Extracted information section start
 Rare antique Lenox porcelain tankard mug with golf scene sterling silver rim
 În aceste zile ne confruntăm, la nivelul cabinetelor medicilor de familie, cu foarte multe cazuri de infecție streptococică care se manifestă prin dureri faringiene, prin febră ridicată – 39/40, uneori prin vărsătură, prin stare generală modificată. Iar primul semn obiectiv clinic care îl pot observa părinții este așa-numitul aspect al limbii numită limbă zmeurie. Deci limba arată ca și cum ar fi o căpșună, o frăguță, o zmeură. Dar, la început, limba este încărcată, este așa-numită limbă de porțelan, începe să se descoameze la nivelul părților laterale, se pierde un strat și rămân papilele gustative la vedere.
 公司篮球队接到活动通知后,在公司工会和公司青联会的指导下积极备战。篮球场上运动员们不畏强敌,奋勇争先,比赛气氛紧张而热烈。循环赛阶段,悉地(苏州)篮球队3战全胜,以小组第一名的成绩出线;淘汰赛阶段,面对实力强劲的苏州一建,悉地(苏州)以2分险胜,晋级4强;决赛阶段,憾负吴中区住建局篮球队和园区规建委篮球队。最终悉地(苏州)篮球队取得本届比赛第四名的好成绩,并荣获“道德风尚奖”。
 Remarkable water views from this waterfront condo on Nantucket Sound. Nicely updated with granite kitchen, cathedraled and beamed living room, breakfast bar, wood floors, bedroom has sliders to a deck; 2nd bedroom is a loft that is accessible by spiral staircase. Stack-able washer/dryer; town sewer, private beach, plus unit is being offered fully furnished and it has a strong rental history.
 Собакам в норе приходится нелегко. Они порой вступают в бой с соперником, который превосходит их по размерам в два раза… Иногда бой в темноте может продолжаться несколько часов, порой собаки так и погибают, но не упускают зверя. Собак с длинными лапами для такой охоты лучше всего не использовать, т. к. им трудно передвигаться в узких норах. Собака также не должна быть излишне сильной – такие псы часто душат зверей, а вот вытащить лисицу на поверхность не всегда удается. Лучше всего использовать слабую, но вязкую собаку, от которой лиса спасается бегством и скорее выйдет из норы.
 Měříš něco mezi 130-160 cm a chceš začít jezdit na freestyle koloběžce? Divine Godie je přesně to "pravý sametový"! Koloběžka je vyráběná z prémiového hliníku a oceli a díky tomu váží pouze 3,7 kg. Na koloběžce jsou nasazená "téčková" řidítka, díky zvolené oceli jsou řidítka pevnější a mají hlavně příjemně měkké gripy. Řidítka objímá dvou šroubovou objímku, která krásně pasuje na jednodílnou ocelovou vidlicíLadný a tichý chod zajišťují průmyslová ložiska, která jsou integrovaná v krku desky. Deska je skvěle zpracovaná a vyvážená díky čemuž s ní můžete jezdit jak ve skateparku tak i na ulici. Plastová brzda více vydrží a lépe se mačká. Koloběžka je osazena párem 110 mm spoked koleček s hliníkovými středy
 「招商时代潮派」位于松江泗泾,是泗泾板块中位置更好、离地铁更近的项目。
Extracted information section end
Exercise aim: Only the lines that contain the string "with" should be copied from the entries above.

Answer to the exercise:
 Rare antique Lenox porcelain tankard mug with golf scene sterling silver rim
 Remarkable water views from this waterfront condo on Nantucket Sound. Nicely updated with granite kitchen, cathedraled and beamed living room, breakfast bar, wood floors, bedroom has sliders to a deck; 2nd bedroom is a loft that is accessible by spiral staircase. Stack-able washer/dryer; town sewer, private beach, plus unit is being offered fully furnished and it has a strong rental history.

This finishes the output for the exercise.